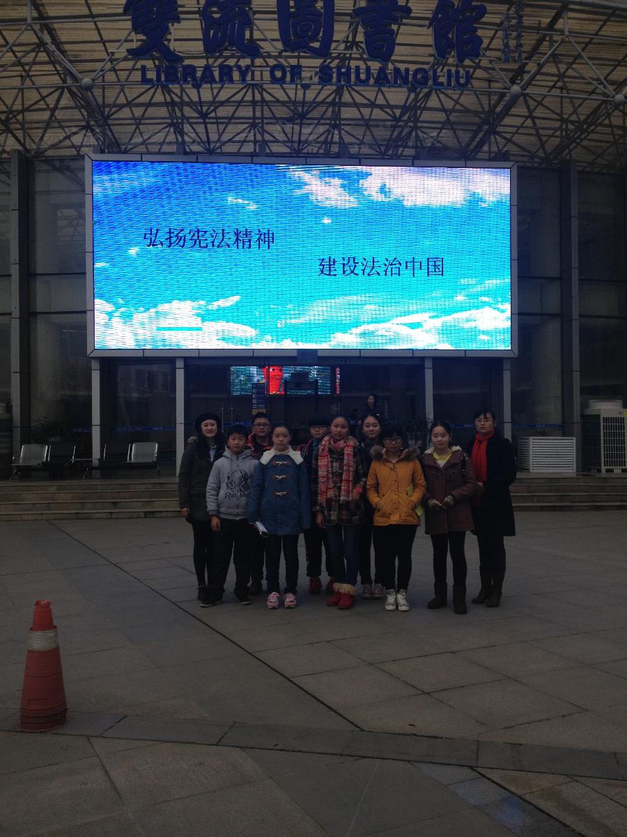 2014年12月13日,上周星期六,我校思品组小组研究性学习的同学,在指导教师王敏蓉和熊梓羽的带领之下,前往双流县图书馆查阅资料。在指导老师的帮助下,围绕研究课题《中国计划生育政策的调查研究》同学们分别用书名、著者、关键词进行检索,分小组查阅到所需要的书籍进行阅读。在本次小组外出活动中,同学们学习到图书检索的方法,通过阅读相关书籍,对本课题的相关知识有了更多积累,为下一阶段的研究学习打下基础。(报道人:熊梓羽)
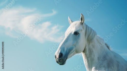 White Horse Silhouetted Against a Clear Blue Sky
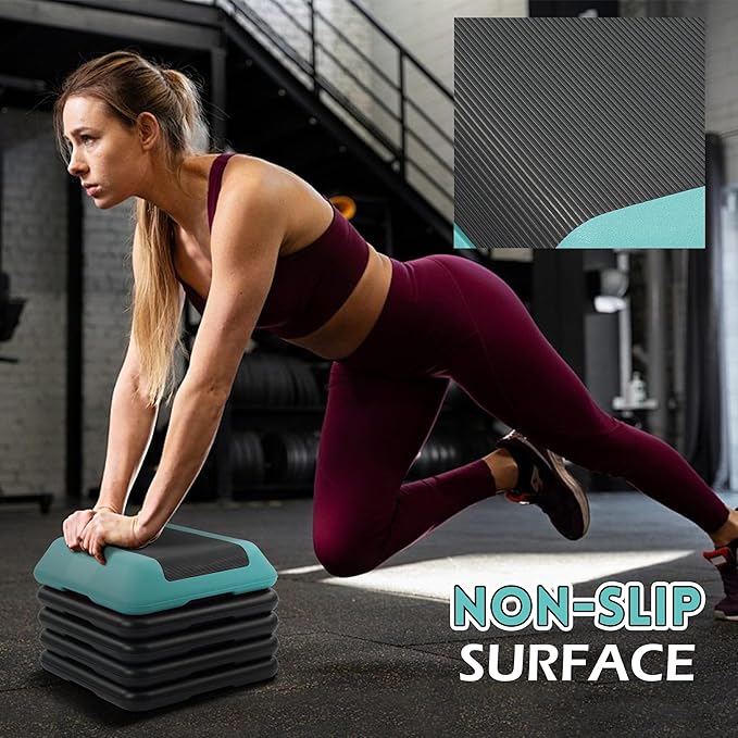 - Non-Slip & Floor Friendly: Exercise step platform with a premium nonslip surface for maximum safety. Each riser has four nonskid feet, preventing slipping or floor damage, whether used on carpet or hardwood, keeping your workout stable and safe.
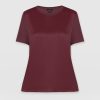 The Rayner Contrast Tee in maroon uses a beautiful blend of textures to elevate your classic crew neck tee. Handmade by artisans in Europe, this timeless design features a glossy satin front panel with a soft and smooth jersey decorating the sleeves and back panel. It’s cut to a relaxed fit for easy wear and looks chic when styled with the Bowie Jeans and your favourite sneakers.
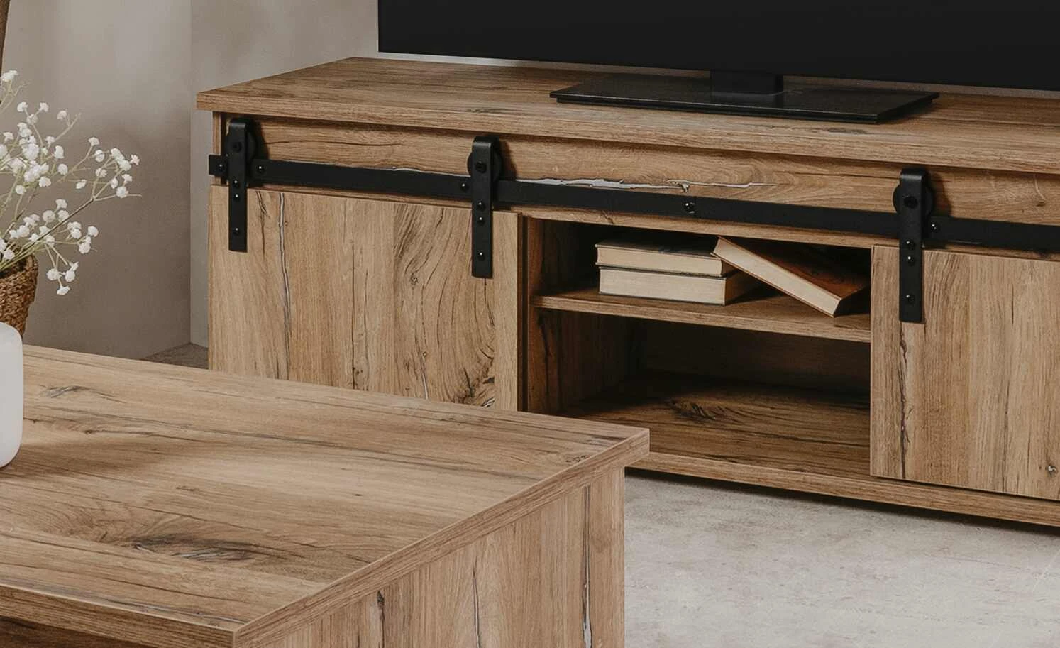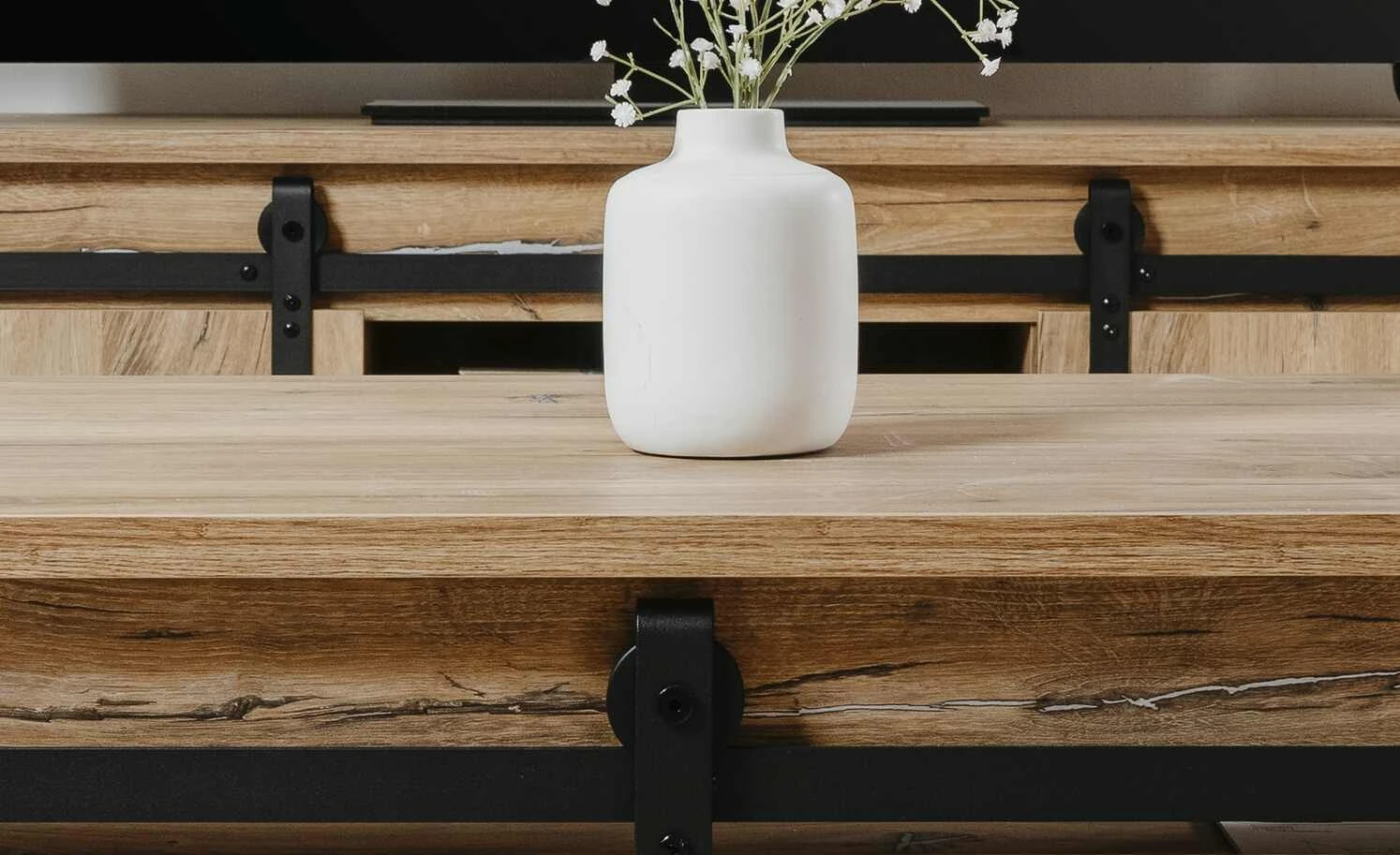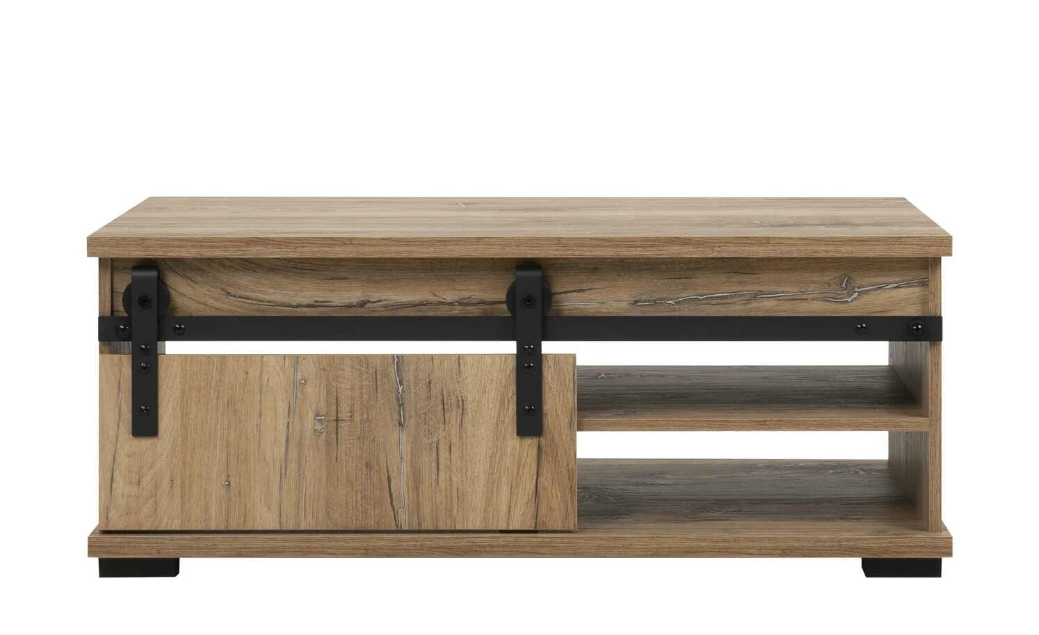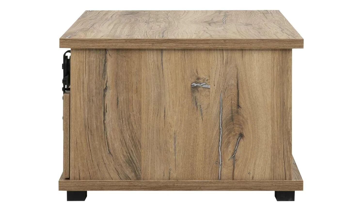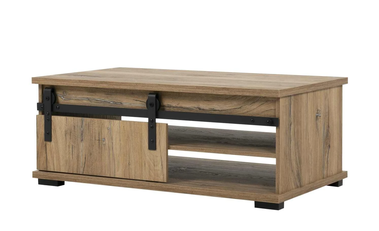Der Couchtisch Mangano bringt attraktives Industrial-Ambiente zu Ihnen. Die dunklen, pflegeleichten Oberflächen in Eiche Antik (Nachbildung) werden mit schwarzem Metall kombiniert. Unter der 60 x 100 Zentimeter großen Tischplatte befinden sich zwei praktische Ablagemöglichkeiten für Zeitschriften, Fernbedienungen und Co. Verschieben Sie die bewegliche Türfront ganz nach Ihren Wünschen, um einen partiell blickdichten Bereich unter dem Couchtisch zu schaffen.
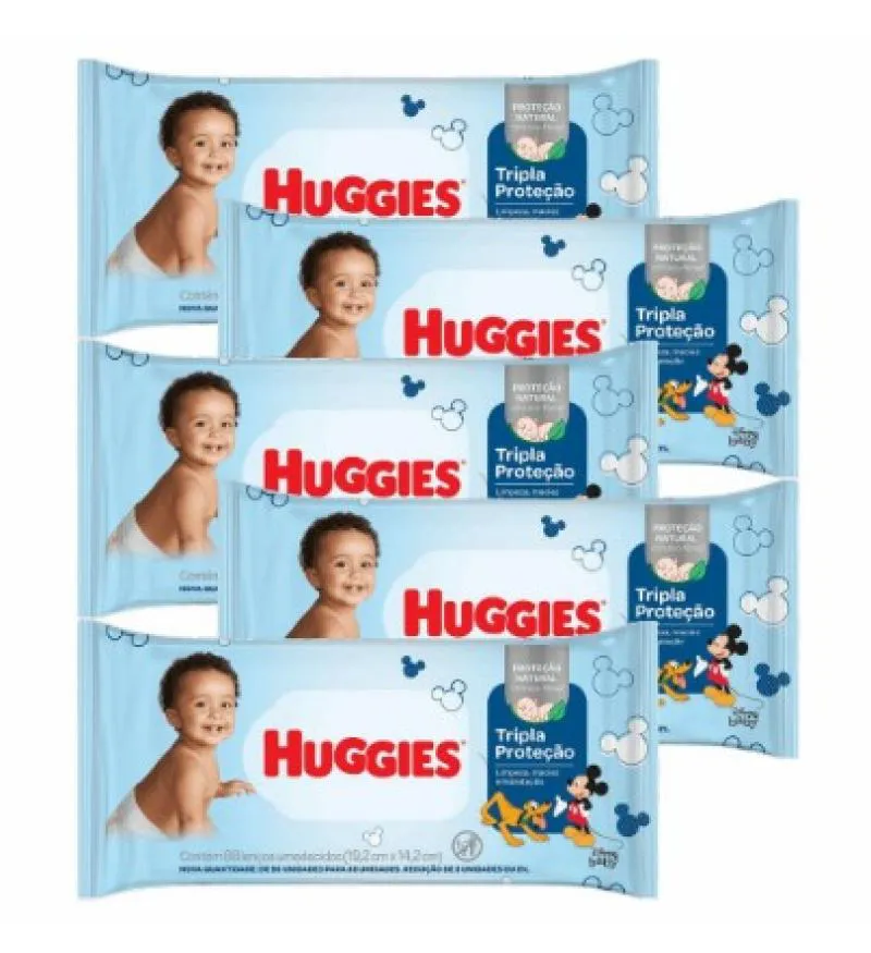 Kit Lenço Umedecido Huggies Tripla Proteção Disney Baby Hipoalergênico Sem Álcool 5 Pacotes de 88 Unidades
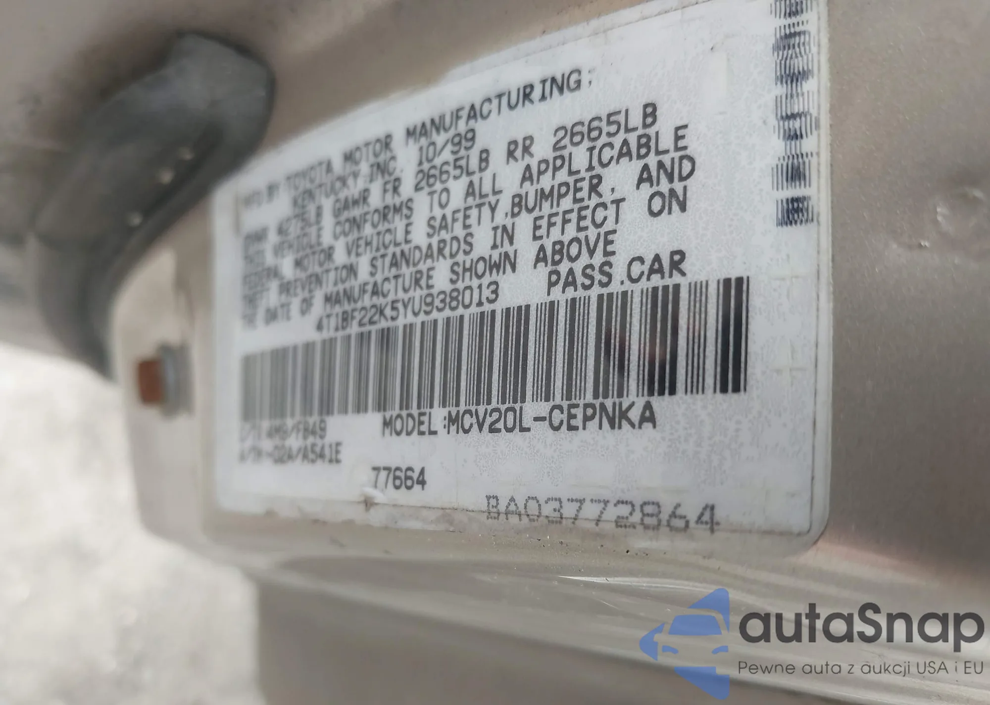 LOT: 41908575 VIN: 4T1G11AKXNU686447
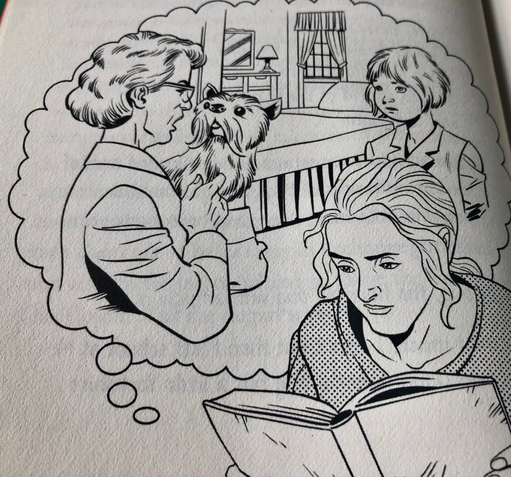 One of the strongest images in the adult fiction novel shows wartime destruction – and Kev used his skill to show Annie the heroine going back to her diary as an older woman.
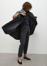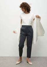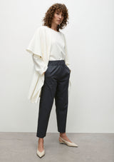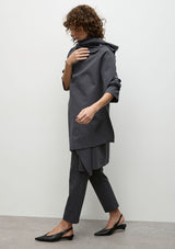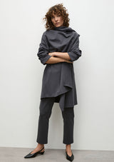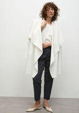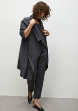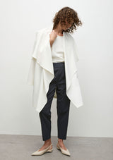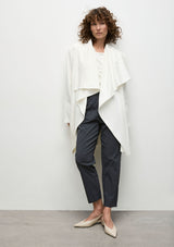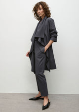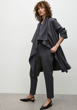 Crafted from our firm stretch, double knit Polished Ponte. The Plaza Duster combines a soft front opening and fold over shawl for seasonal layering
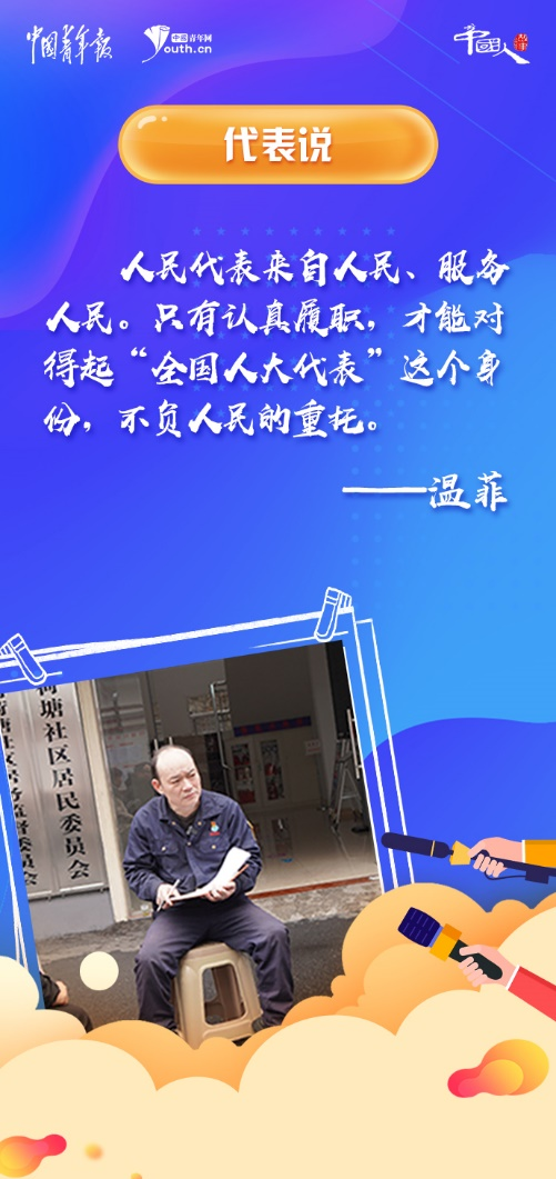 “人民代表來(lái)自人民、服務(wù)人民。”溫菲表示,只有認(rèn)真履職,才能對(duì)得起“全國(guó)人大代表”這個(gè)身份,不負(fù)人民的重托。
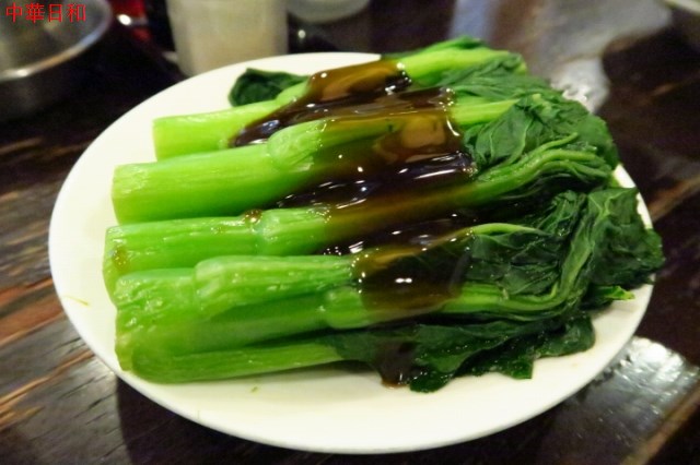 ゆで野菜(芥蘭)のオイスターソースがけ。
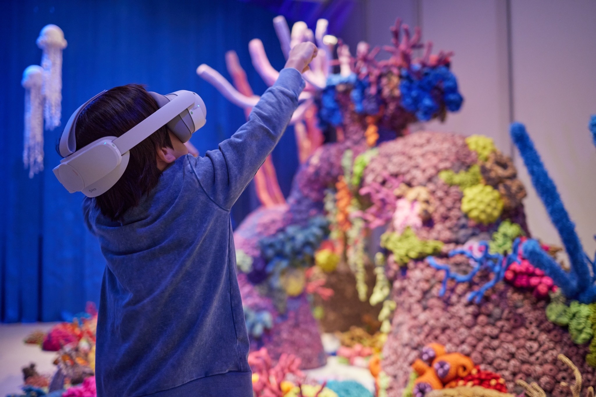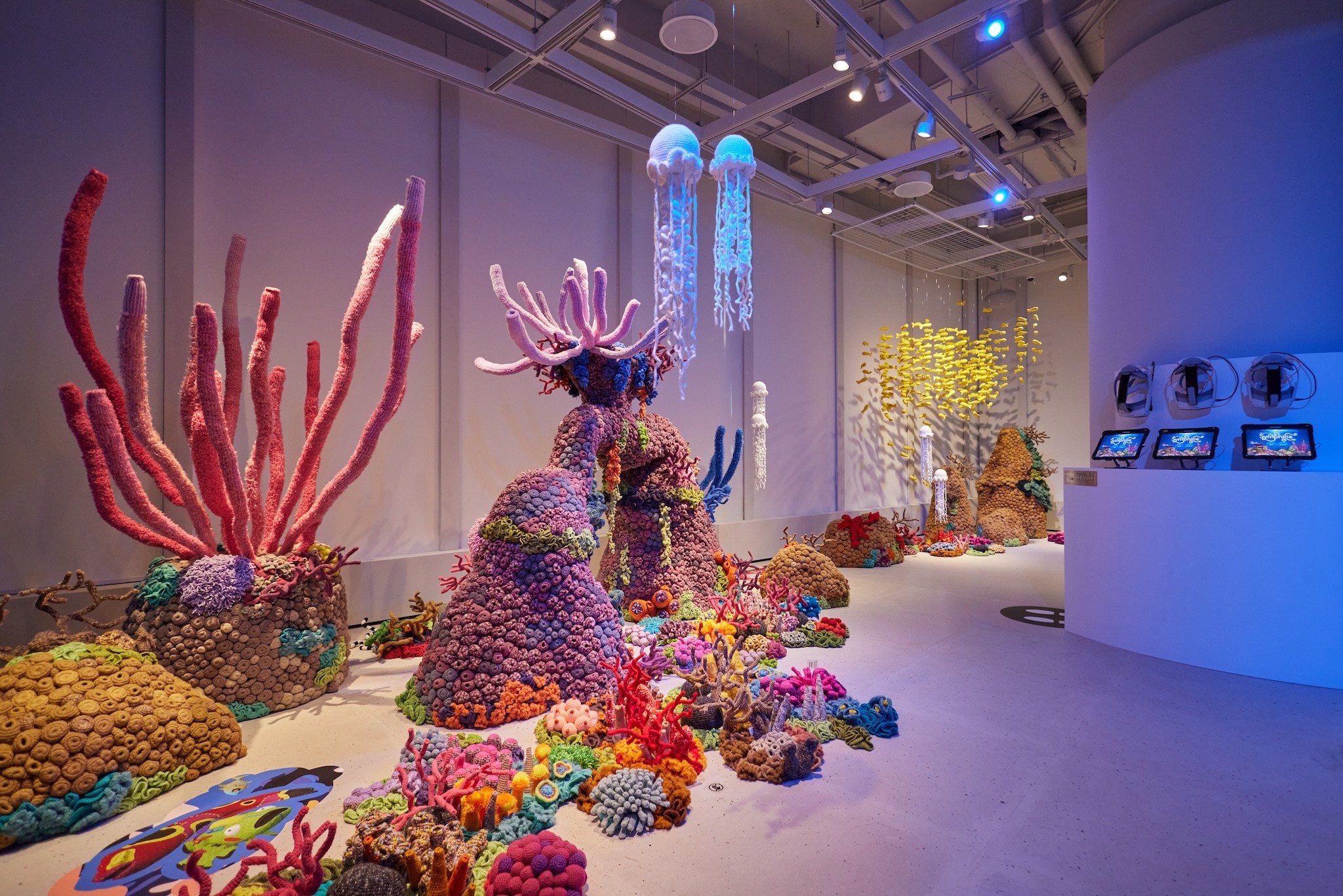 Drawing inspiration from the concept of SYMPHILIA, this immersive installation fuses Mixed Reality and the art of Crochet, a collaborative endeavor that unites Indonesian crochet artist Mulyana's 'Ocean Wonderland' with the innovative contributions of French-Portuguese new media artist Frederic Brussier and the Hong Kong-based digital art studio, The Collective.

# # # # # # #

• What the task asks: Your output should be the lines from the one with "Der Couchtisch Mangano" through the end of the listing, copied exactly and with the pictures left out.

• Written answer:
Der Couchtisch Mangano bringt attraktives Industrial-Ambiente zu Ihnen. Die dunklen, pflegeleichten Oberflächen in Eiche Antik (Nachbildung) werden mit schwarzem Metall kombiniert. Unter der 60 x 100 Zentimeter großen Tischplatte befinden sich zwei praktische Ablagemöglichkeiten für Zeitschriften, Fernbedienungen und Co. Verschieben Sie die bewegliche Türfront ganz nach Ihren Wünschen, um einen partiell blickdichten Bereich unter dem Couchtisch zu schaffen.
 Kit Lenço Umedecido Huggies Tripla Proteção Disney Baby Hipoalergênico Sem Álcool 5 Pacotes de 88 Unidades
 LOT: 41908575 VIN: 4T1G11AKXNU686447
 One of the strongest images in the adult fiction novel shows wartime destruction – and Kev used his skill to show Annie the heroine going back to her diary as an older woman.
 Crafted from our firm stretch, double knit Polished Ponte. The Plaza Duster combines a soft front opening and fold over shawl for seasonal layering
 “人民代表來(lái)自人民、服務(wù)人民。”溫菲表示,只有認(rèn)真履職,才能對(duì)得起“全國(guó)人大代表”這個(gè)身份,不負(fù)人民的重托。
 ゆで野菜(芥蘭)のオイスターソースがけ。
 Drawing inspiration from the concept of SYMPHILIA, this immersive installation fuses Mixed Reality and the art of Crochet, a collaborative endeavor that unites Indonesian crochet artist Mulyana's 'Ocean Wonderland' with the innovative contributions of French-Portuguese new media artist Frederic Brussier and the Hong Kong-based digital art studio, The Collective.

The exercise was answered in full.